Total Body Stretch for Beginners

Tamilee Webb
Year Released: 2000

Categories: Athletic Stretch

This is my favourite stretch tape. It has three convenient sections, one standing, one seated and one on the floor. Tamilee covers all the body parts in each section, and is very non-threatening, especially for a stretch-phobe like me. She admits she does not have the greatest natural flexibility herself, so she sticks with some solid, basic stretches that anyone can do. You won't have to modify any of these. Most of the stretches are old standards like back bends, stretching the triceps behind the head, forward bends to stretch the inner thigh and knee-back quadriceps stretches. But she throws in a few creative ones. The standing section had a very nice rotator cuff stretch that involved placing a hand on your side, then gently pulling the elbow forward. The seated section had a nice outer thigh stretch that involved crossing one leg over the other and pressing down at the knee. The floor section had a great upper body stretch that involved sliding one side of the body under the other from cat pose. The floor section also had some fairly detailed and often-ignored form pointers on the foot flexing exercises. All three sections included wrist or forearm stretches which was a very nice touch.

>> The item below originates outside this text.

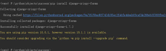 黄色的警告信息不用管,是提示更新pip的,暂时不要更新,以免出别的问题

I think it was a great idea to mark off the sections as she's done here because I sometimes skip a stretch in a workout if it involves getting down on the floor, and so few instructors indicate that this will be the case. It is annoying. After an entire aerobics routine standing up, they expect me to either get on the floor and get dusty, or pull out my mat and pull off my shoes? It is a stupid reason to skip a cool-down stretch, but yet I know it is one of those silly things that bugs me---and one of those excuses that has allowed me to neglect my flexibility for far too long. With this tape, I have no excuse: short and sweet, but thorough stretches for all occasions. All three sections together as a full workout, or bits and pieces when convenient.

My only criticism would be that truly advanced stretchers might find this tape a little bit basic. But so many of the hour-long tapes that might work for them don't work for those of us with not as much experience, or not a whole lot of natural flexibility to build on. So to all of you people, this one's for us. Enjoy!